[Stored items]
↓
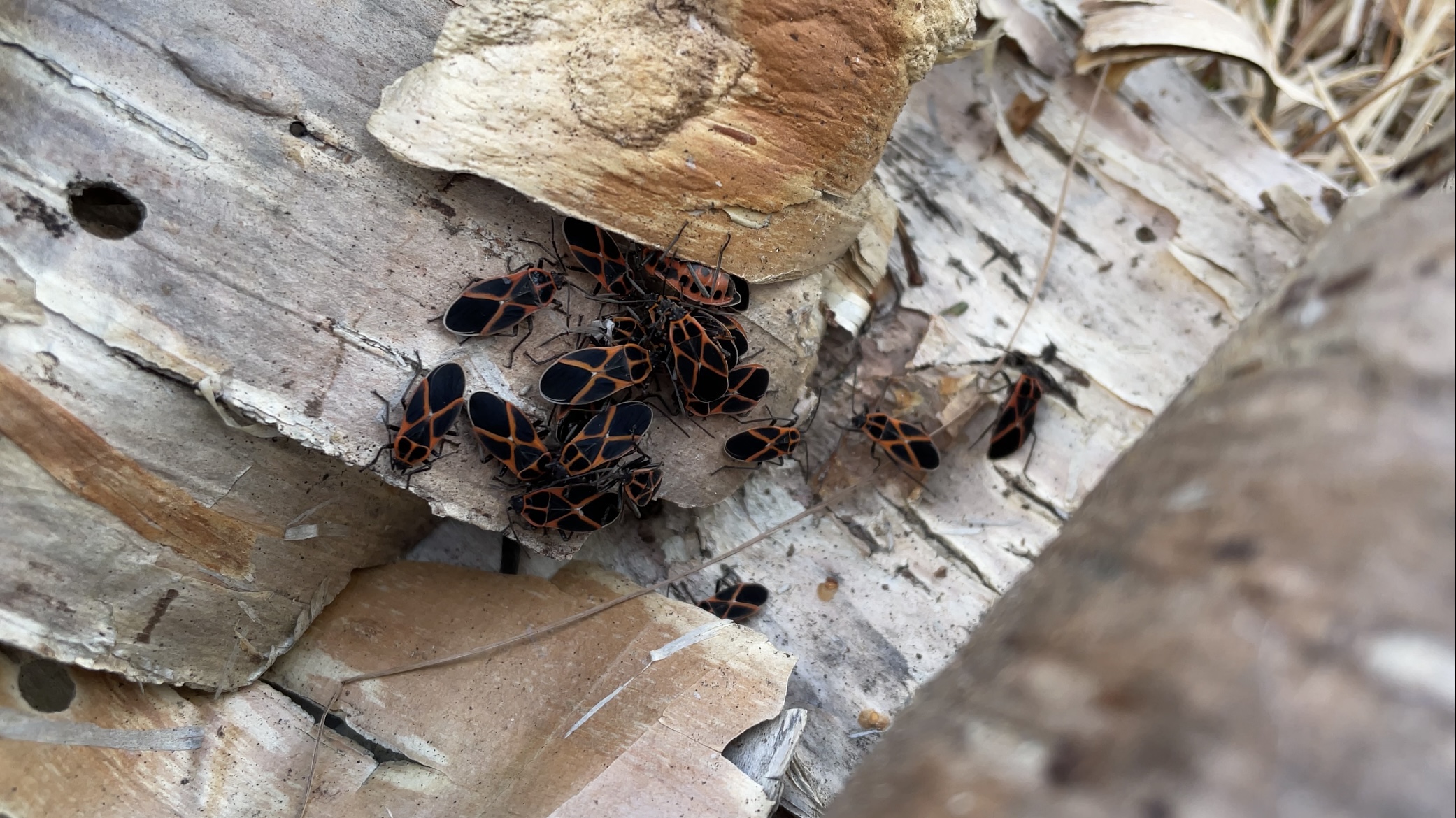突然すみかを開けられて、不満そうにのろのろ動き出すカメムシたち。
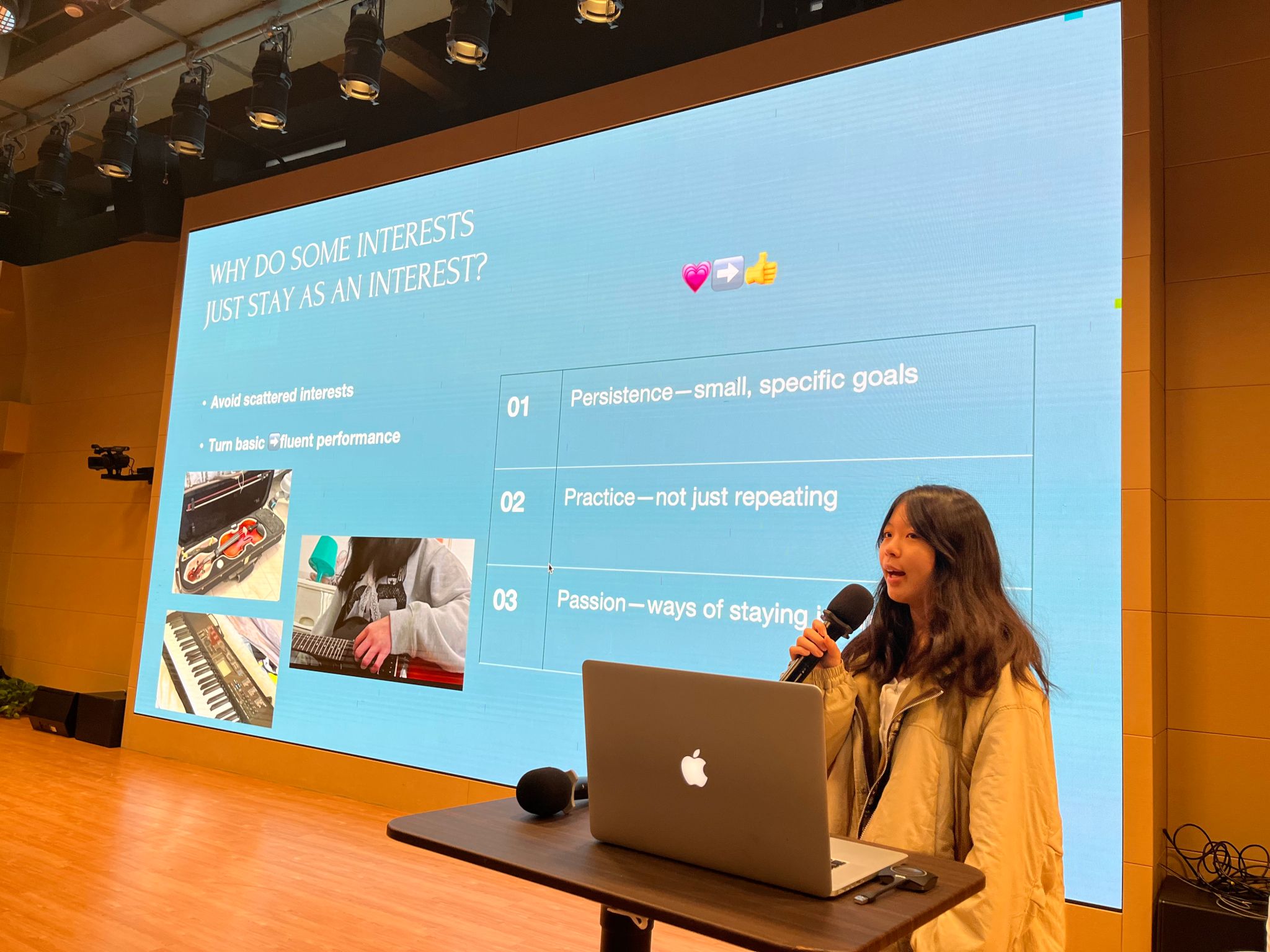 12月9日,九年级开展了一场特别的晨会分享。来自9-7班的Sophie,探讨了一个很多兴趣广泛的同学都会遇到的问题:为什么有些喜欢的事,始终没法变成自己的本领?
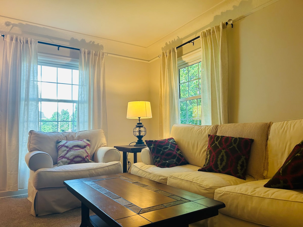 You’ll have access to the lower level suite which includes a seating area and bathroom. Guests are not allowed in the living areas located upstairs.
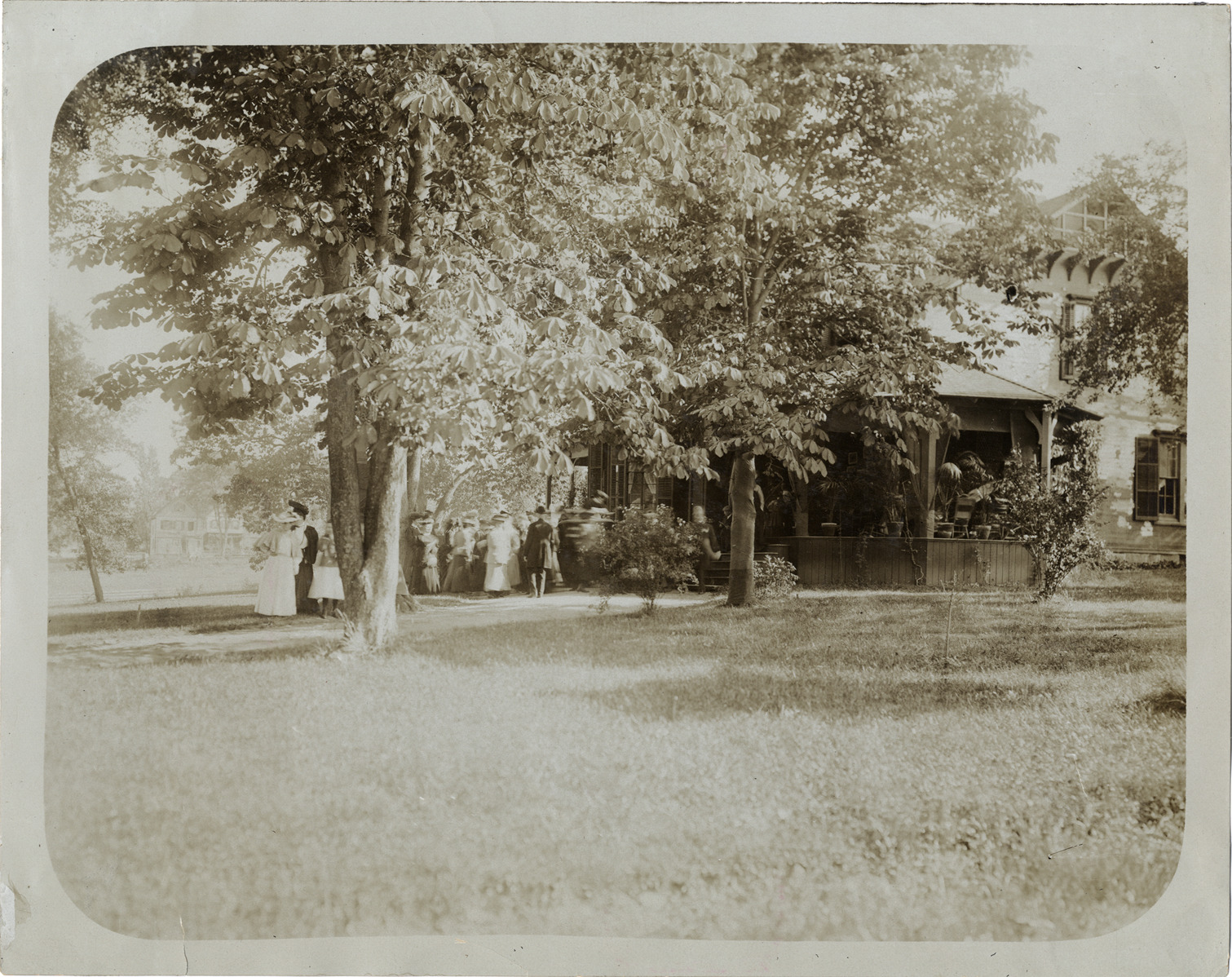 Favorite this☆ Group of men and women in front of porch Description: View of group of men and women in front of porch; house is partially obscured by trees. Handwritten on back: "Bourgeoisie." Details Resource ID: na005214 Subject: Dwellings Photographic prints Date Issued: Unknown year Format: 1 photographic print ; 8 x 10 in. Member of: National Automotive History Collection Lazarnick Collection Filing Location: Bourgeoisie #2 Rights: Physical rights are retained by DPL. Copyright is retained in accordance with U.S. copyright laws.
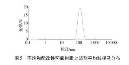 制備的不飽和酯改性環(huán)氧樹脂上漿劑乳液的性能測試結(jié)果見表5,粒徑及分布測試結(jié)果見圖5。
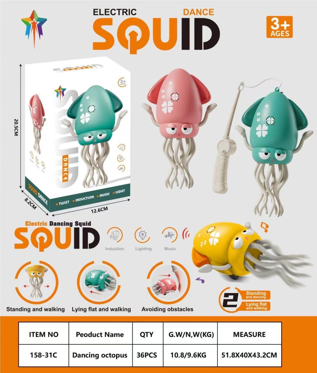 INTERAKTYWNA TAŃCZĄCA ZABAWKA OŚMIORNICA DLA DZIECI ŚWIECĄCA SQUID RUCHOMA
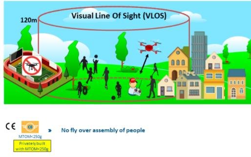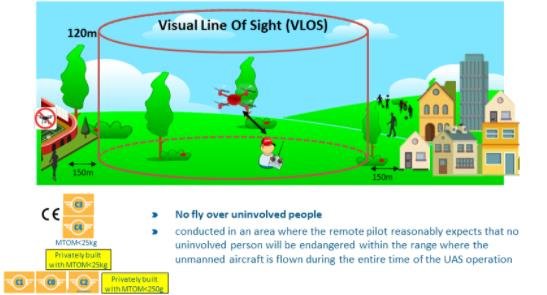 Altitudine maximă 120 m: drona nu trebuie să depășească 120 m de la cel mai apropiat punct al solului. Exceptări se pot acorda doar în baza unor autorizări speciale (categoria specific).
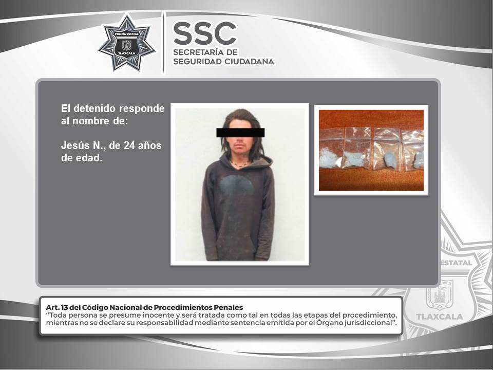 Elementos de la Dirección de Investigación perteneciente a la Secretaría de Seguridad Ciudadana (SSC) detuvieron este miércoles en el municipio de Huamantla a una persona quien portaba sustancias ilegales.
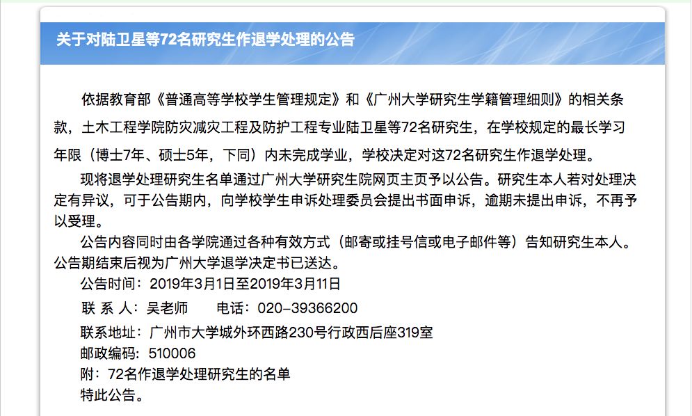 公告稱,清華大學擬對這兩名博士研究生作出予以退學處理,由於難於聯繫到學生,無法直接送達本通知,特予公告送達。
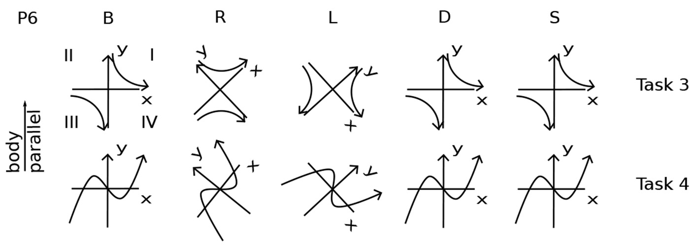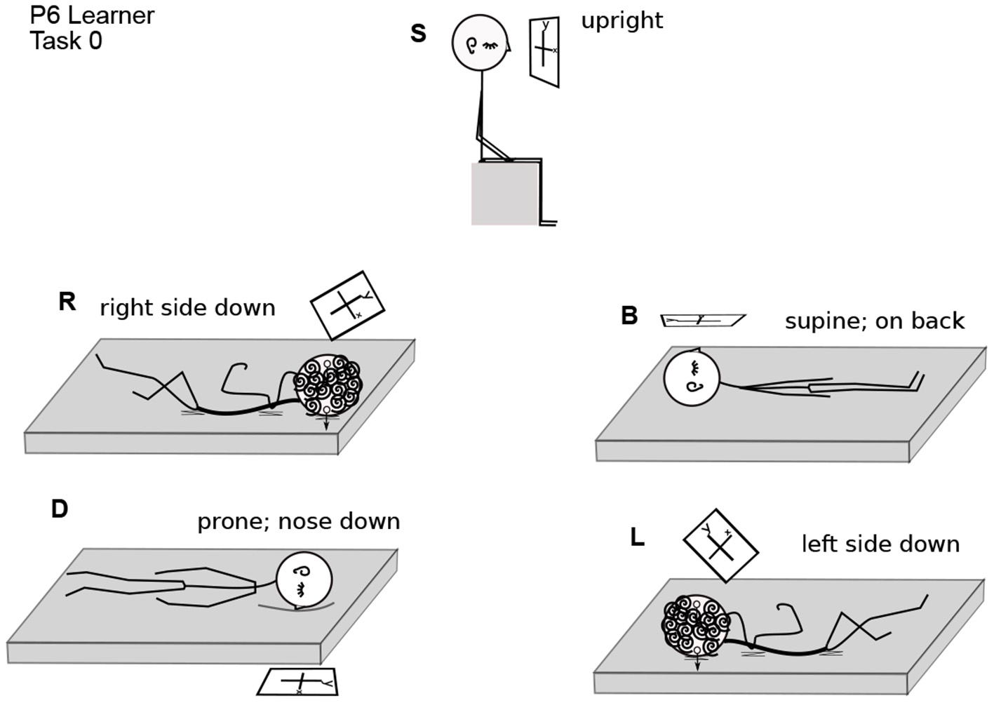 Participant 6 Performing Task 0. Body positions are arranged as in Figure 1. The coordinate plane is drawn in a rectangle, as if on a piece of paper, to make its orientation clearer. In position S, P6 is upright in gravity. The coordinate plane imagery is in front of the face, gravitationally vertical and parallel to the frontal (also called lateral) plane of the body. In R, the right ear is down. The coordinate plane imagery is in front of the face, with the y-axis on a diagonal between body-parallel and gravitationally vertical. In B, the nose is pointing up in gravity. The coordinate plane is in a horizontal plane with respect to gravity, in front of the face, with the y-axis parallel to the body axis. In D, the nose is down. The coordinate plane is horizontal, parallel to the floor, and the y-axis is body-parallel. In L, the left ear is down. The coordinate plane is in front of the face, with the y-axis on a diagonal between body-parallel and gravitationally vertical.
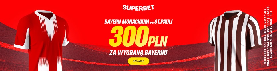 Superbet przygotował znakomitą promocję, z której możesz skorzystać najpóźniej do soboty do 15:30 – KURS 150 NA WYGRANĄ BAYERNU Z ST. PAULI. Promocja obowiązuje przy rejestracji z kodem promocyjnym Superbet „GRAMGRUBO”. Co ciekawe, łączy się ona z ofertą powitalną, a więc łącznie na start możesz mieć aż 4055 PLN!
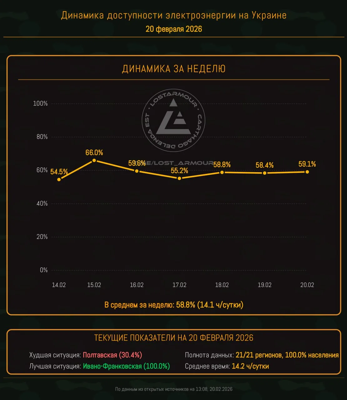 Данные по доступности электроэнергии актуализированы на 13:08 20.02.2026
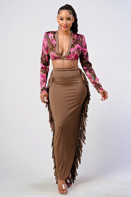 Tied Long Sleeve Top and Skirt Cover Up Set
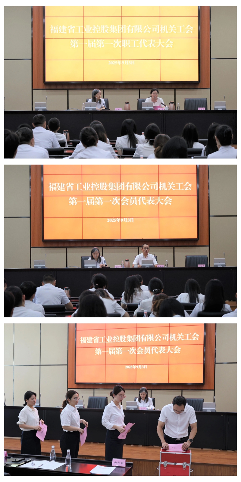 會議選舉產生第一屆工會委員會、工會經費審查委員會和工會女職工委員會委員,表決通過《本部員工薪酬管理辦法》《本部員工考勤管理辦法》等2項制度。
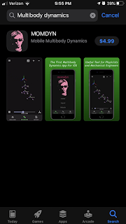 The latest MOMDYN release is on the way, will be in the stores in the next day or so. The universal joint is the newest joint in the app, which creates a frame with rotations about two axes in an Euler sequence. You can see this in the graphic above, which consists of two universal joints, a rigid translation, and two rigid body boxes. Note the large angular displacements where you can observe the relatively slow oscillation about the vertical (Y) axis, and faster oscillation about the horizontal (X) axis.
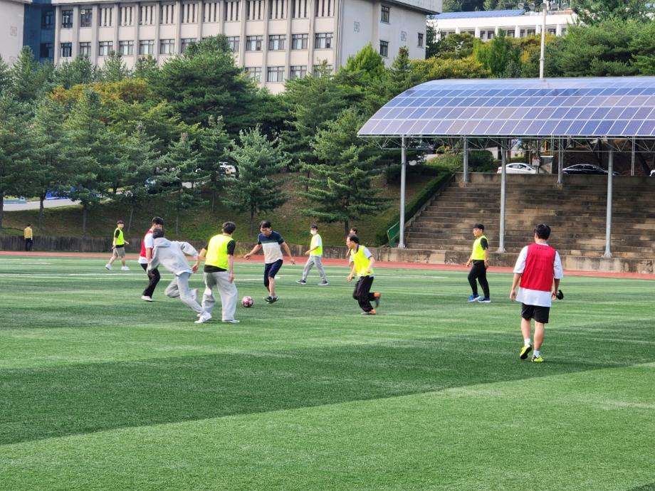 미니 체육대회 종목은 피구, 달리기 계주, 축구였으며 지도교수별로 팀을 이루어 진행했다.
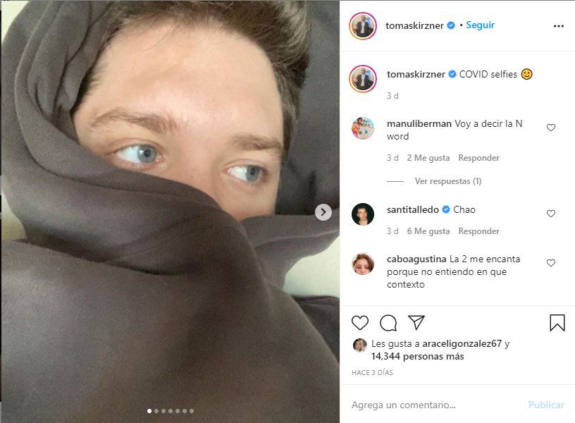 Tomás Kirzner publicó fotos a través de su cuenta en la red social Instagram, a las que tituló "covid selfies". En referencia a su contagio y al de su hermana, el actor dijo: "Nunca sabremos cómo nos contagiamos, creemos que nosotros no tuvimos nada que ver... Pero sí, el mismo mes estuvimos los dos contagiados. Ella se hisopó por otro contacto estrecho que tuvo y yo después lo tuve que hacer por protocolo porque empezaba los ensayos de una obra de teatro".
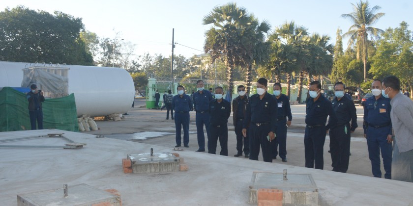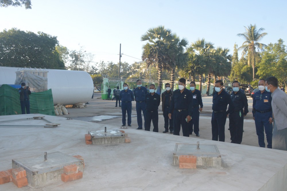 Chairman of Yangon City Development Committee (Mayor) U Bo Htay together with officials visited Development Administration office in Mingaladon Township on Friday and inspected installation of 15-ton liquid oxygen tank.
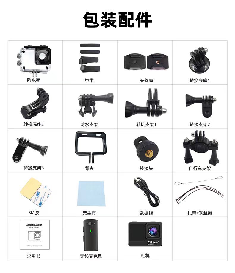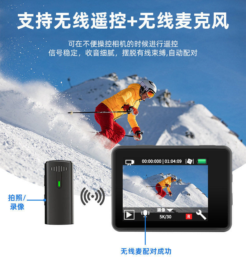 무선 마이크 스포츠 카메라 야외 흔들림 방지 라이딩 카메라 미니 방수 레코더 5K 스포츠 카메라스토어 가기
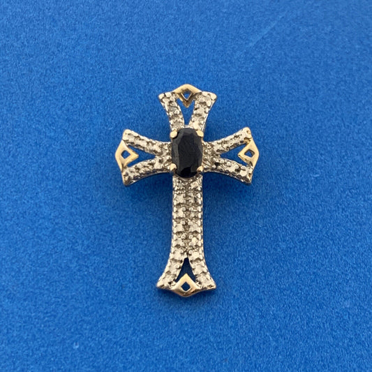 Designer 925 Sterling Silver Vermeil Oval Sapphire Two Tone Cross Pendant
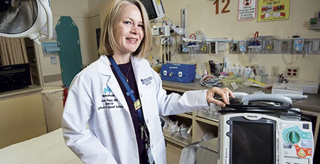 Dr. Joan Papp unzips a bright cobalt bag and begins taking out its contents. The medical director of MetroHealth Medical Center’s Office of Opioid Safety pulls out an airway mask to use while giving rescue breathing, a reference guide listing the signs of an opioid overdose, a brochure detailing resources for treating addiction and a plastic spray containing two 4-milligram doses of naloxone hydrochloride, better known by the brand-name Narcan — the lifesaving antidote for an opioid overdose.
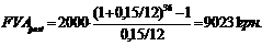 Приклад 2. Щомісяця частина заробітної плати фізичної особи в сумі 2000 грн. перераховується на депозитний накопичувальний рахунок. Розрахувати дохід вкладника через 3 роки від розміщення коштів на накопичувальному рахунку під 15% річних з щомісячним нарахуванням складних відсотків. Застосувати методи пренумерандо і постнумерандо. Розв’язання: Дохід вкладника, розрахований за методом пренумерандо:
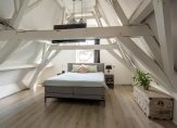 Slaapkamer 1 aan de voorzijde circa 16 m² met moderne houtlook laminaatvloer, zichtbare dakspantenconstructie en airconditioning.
↑
-- Brief --
Copy exactly the lines of the entries above from the one containing "Tied Long Sleeve Top and Skirt Cover Up Set" through the one containing "會議選舉產生第一屆工會委員會". Both end lines count; pictures do not.

-- Task solution --
 Tied Long Sleeve Top and Skirt Cover Up Set
 會議選舉產生第一屆工會委員會、工會經費審查委員會和工會女職工委員會委員,表決通過《本部員工薪酬管理辦法》《本部員工考勤管理辦法》等2項制度。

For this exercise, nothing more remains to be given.